- Supreme Court of the United States

Decided May 22, 2000
- Full case name: Dewey Jones v. United States
- Citations: 529 U.S. 848 (more)

Holding
- Because an owner-occupied residence not used for any commercial purpose does not qualify as property "used in" commerce or commerce-affecting activity, arson of such a dwelling is not subject to federal prosecution under the Organized Crime Control Act of 1970.

Court membership
- Chief Justice William Rehnquist Associate Justices John P. Stevens · Sandra Day O'Connor Antonin Scalia · Anthony Kennedy David Souter · Clarence Thomas Ruth Bader Ginsburg · Stephen Breyer

Case opinions
- Majority: GINSBURG
- Concurrence: STEVENS, joined by THOMAS
- Concurrence: THOMAS, joined by SCALIA

Laws applied
- Organized Crime Control Act of 1970

= Jones v. United States (2000) =

Jones v.
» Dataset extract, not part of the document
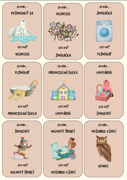 Súčasťou súboru sú aj doplňovacie kartičky (odvodené vybrané slová), ktoré môžete jednoducho vložiť do aktivity a budú tak dotvárať jej rozšírenú a náročnejšiu verziu Ako začleniť tieto doplňujúce kartičky do aktivity podrobne opisujem v metodike.

United States, , was a United States Supreme Court case in which the court held that because an owner-occupied residence not used for any commercial purpose does not qualify as property "used in" commerce or commerce-affecting activity, arson of such a dwelling is not subject to federal prosecution under the Organized Crime Control Act of 1970.

==Background==

Jones tossed a Molotov cocktail into a home owned and occupied by his cousin as a dwelling place for everyday family living. The ensuing fire severely damaged the home. Jones was convicted in the federal District Court of violating, among other things, 18 U.S.C. § 844(i), part of the Organized Crime Control Act of 1970. §844(i) makes it a federal crime to "maliciously damag[e] or destro[y], ... by means of fire or an explosive, any building ... used in interstate or foreign commerce or in any activity affecting interstate or foreign commerce." The Seventh Circuit Court of Appeals affirmed, rejecting Jones's contention that §844(i), when applied to the arson of a private residence, exceeds the authority vested in Congress under the Commerce Clause.

The Supreme Court granted certiorari.

==Opinion of the court==

The Supreme Court issued an opinion on May 22, 2000.